# permanent residency application 26b spouse time period



## FASHYMAN (Nov 22, 2016)

hi guys

i submitted my PRP application yesterday of 200 pages on 21/11/16 at vfs capetown, what are the time scales these days, they do say 8 to 10 months, do they still have backlog at DHA Pretoria ?
any idea these days

thanks in advance


----------



## romrom (Oct 12, 2016)

FASHYMAN said:


> hi guys
> 
> i submitted my PRP application yesterday of 200 pages on 21/11/16 at vfs capetown, what are the time scales these days, they do say 8 to 10 months, do they still have backlog at DHA Pretoria ?
> any idea these days
> ...


Personally 14 months and still waiting


----------



## FASHYMAN (Nov 22, 2016)

*ur diff stages*

what are the messages u recieved throught the process uptil now 

what r the stages u passed already

does ur case officer contacted u for further documents of any info

did they check with the references


----------



## romrom (Oct 12, 2016)

FASHYMAN said:


> what are the messages u recieved throught the process uptil now
> 
> what r the stages u passed already
> 
> ...


Only one email when i submitted
not sure about all the stages
no one contacted me for further docs as yet
not sure


----------



## mjh (Oct 24, 2016)

18 Months and waiting here.

I've been contacting the DHA and finally heard I'm at stage 1 of 9. So basically nothing happened in 18 months.

I would suggest that people apply under critical skills if they can instead and you will be in for a shorter wait at the moment.
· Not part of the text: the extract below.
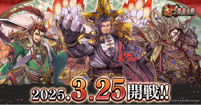 double jump.tokyo株式会社(本社:東京都新宿区、代表取締役:上野広伸・松谷幸紀、以下「double jump.tokyo」)は、軍勢カードバトルゲーム『魁 三国志大戦 -Battle of Three Kingdoms-』(以降、『魁 三国志大戦』 )を2025年3月25日(火)よりPC、Android、iOS向けに正式リリースすることをお知らせいたします。

Also around 30% of applications under spousal relationship are denied as the marriage was a 'marriage of convenience' or fake documents so on the application on the basis of marriage is actually not as simple as it sounds as the marriages are under heavy scrutiny.


----------



## romrom (Oct 12, 2016)

mjh said:


> 18 Months and waiting here.
> 
> I've been contacting the DHA and finally heard I'm at stage 1 of 9. So basically nothing happened in 18 months.
> 
> ...


I so agree! I wish I applied under critical skills!!
DHA's agent maybe gave you the wrong info? it happened to me as well! 
Try call/email DHA again?


----------



## FASHYMAN (Nov 22, 2016)

my application already reached at dha in 3 days time, and i m getting all the messages 

is there a possibility to communicate with the dha officer of the application


----------



## jessjhb (Jul 10, 2014)

Applied 15 August 2014 got outcome 4 November 2016 its a pretty long wait


----------